By Associated Press - Friday, June 19, 2020

LAS VEGAS (AP) - A federal judge has vacated the convictions of a Las Vegas woman in the deaths of six teenagers killed in an Interstate 15 median in 2000.

U.S. District Court Judge Kent Dawson partially granted a writ of habeus corpus filed by attorney John Watkins of Pariente Law Firm on behalf of Jessica Williams, 40, the Las Vegas Review-Journal reported.

Williams, then 20, was driving when she ran into the teenagers, who were picking up debris and trash from a highway median as part of a county program, authorities said.



Williams served about 19 years in prison before she was paroled in October.

Writs of habeus corpus bring detainees before courts to determine if the persons’ imprisonment or detention is lawful.
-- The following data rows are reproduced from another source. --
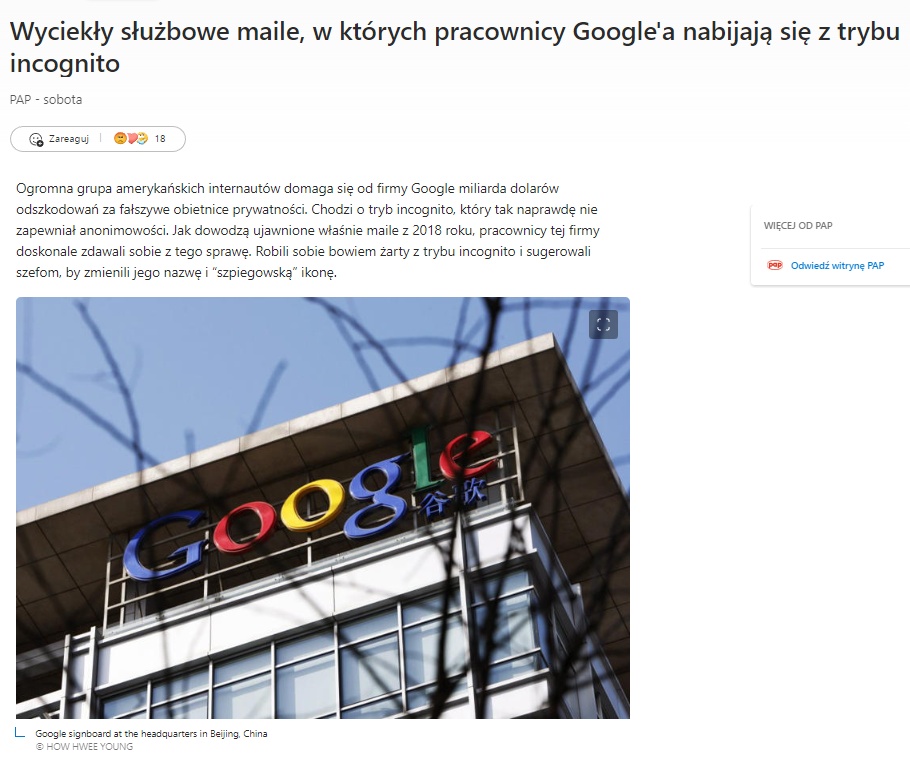 Wyciekły służbowe maile, w których pracownicy Google'a nabijają się z trybu incognito. No, ale jak to tak, przecież tylko Chiny inwigilują :)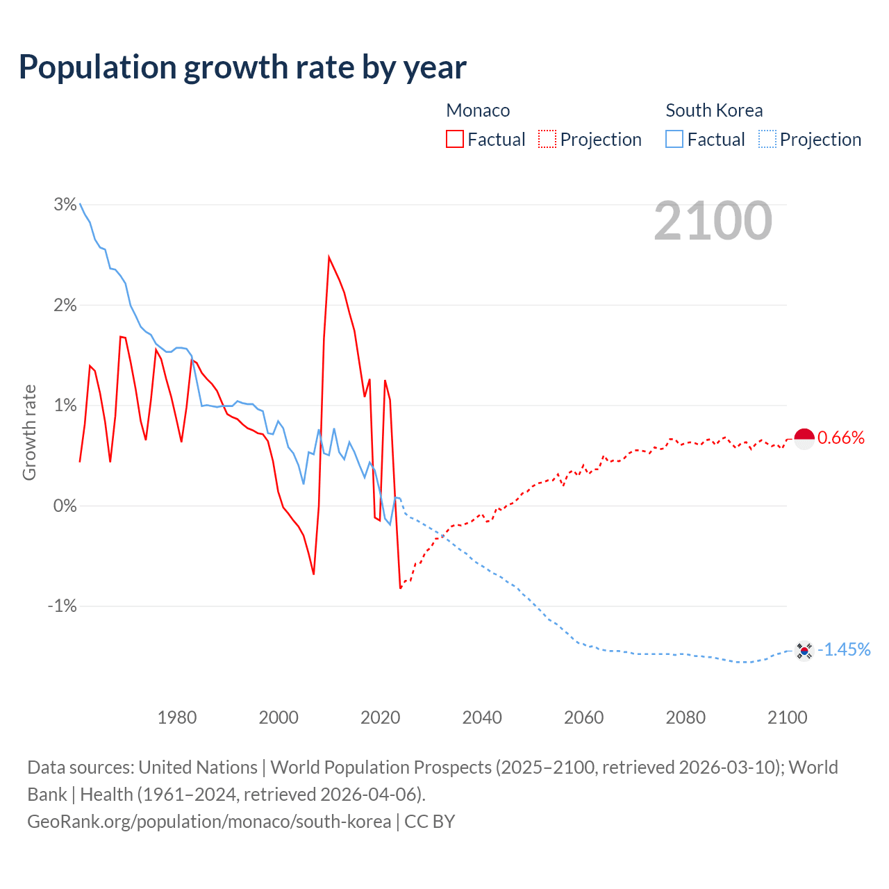 - For the last 10 years, Monaco has had an average growth rate of +0.79% per year vs +0.24% in South Korea.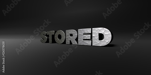 STORED - hammered metal finish text on black studio - 3D rendered royalty free stock photo. This image can be used for an online website banner ad or a print postcard.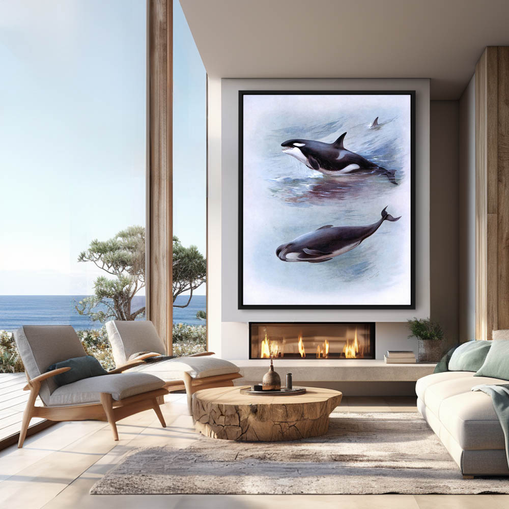Painting of Killer Whales and Pilot Whales in the Ocean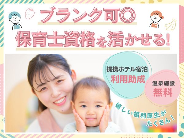 応募資格 要:保育士および児童指導員資格 資格はあるけど未経験の方も大歓迎! \こんな方にオススメ!/ ・ブランクがあり、資格を活かしながら復職を考えている方 ・プライベートも充実させたい方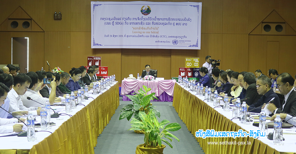 ວັນທີ 28 ສິງຫາ 2020 ກອງຄະນະຊີ້ນຳລະດັບຊາດເພື່ອການຈັດຕັ້ງປະຕິບັດເປົ້າໝາຍການພັດທະນາແບບຍືນຍົງໄດ້ຈັດກອງປະຊຸມເຜີຍແຜ່ການຈັດຕັ້ງເປົ້າໝາຍການພັດທະນາແບບຍືນຍົງ (ປພຍ) ໃຫ້ແກ່ພາກເອກະຊົນ ແລະຫົວໜ່ວຍທຸລະກິດຢູ່ ສປປ ລາວ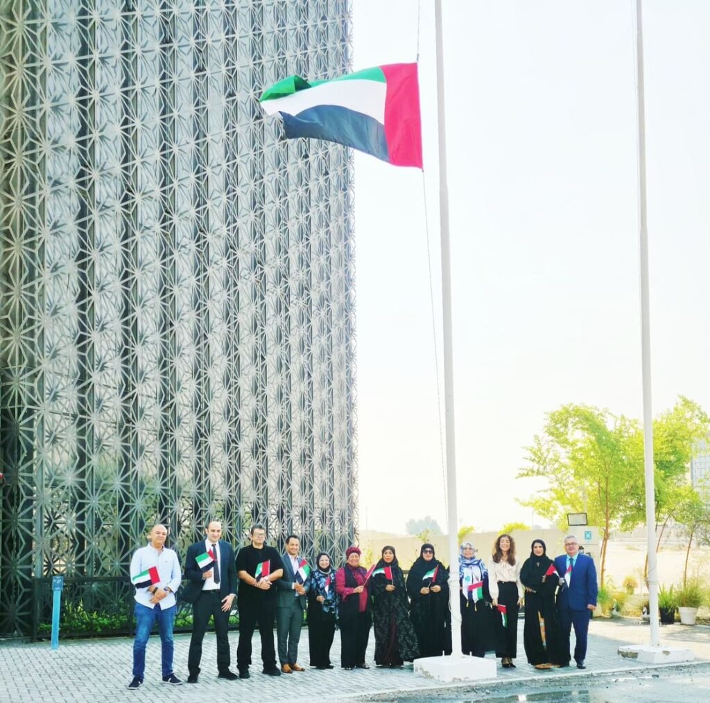 وأضافت أنه في الثالث من نوفمبر من كل عام، تتوحّد القلوب وترتفع الأيادي لتجديد العهد والوفاء لراية الوطن، رمز العزة والسيادة، التي تظل خفّاقةً بالعز والمجد تحت قيادة صاحب السمو الشيخ محمد بن زايد آل نهيان، رئيس الدولة، حفظه الله، وإخوانه أصحاب السمو أعضاء المجلس الأعلى، حكام الإمارات”.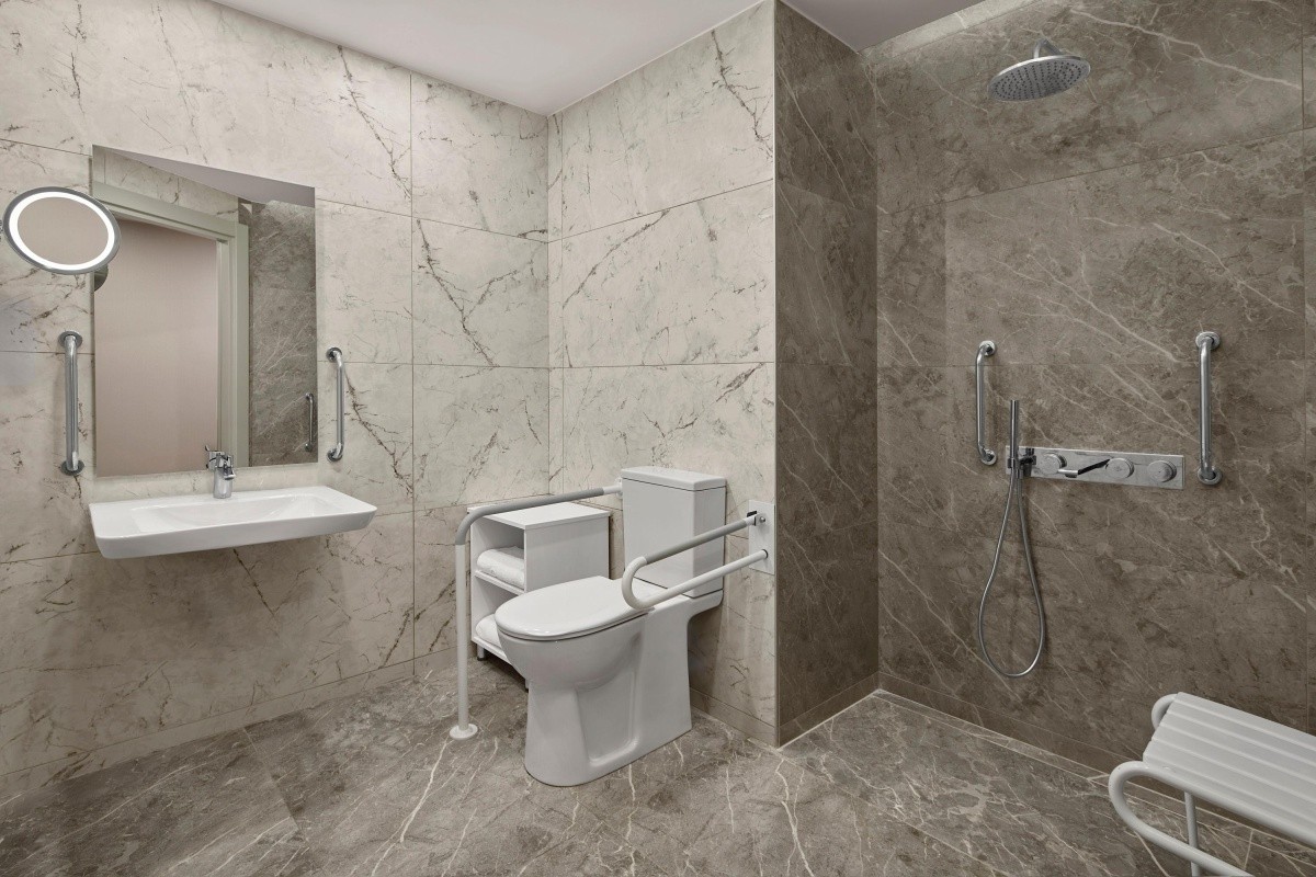 - Whirlpool-Wanne, Dusche, WC, Föhn, Kosmetikspiegel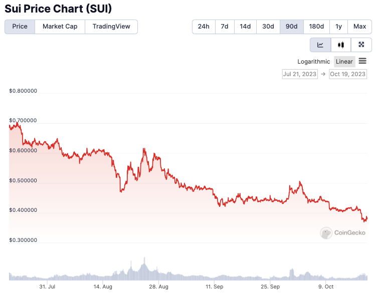 SUI token gained a little under 1% in the last 24 hours after falling from $0.41 on Oct. 16 to new lows of $0.37 on Oct. 18. Current prices mark a 7% decline in just two days, according to data from CoinGecko.
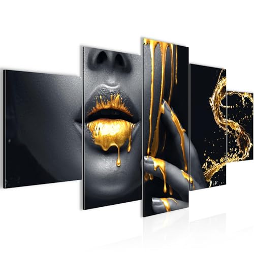 Runa Art - Väggmålningar Läppar Guld Svart 200 x 100 cm 5 Delar XXL Väggdekoration Design 041551a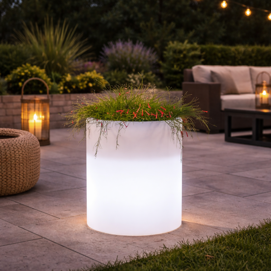 Vaso luminoso da giardino bianco con luce led 20w a risparmio energetico

Watkins argued that Williams “was denied due process of law in violation of the Fourteenth Amendment” and that law as written at the time of the crash “did not give fair warning that the presence of an inactive ingredient of marijuana, marijuana metabolite, in her bloodstream, would bring her within the terms of the statutes.”

Authorities identified the teenagers who were killed as: Scott Garner Jr., 14; Anthony T. Smith, 14; Jennifer Booth, 16; Alberto Puig, 16; Rebeccah Glicken, 15; and Maleyna Stoltzfus, 15.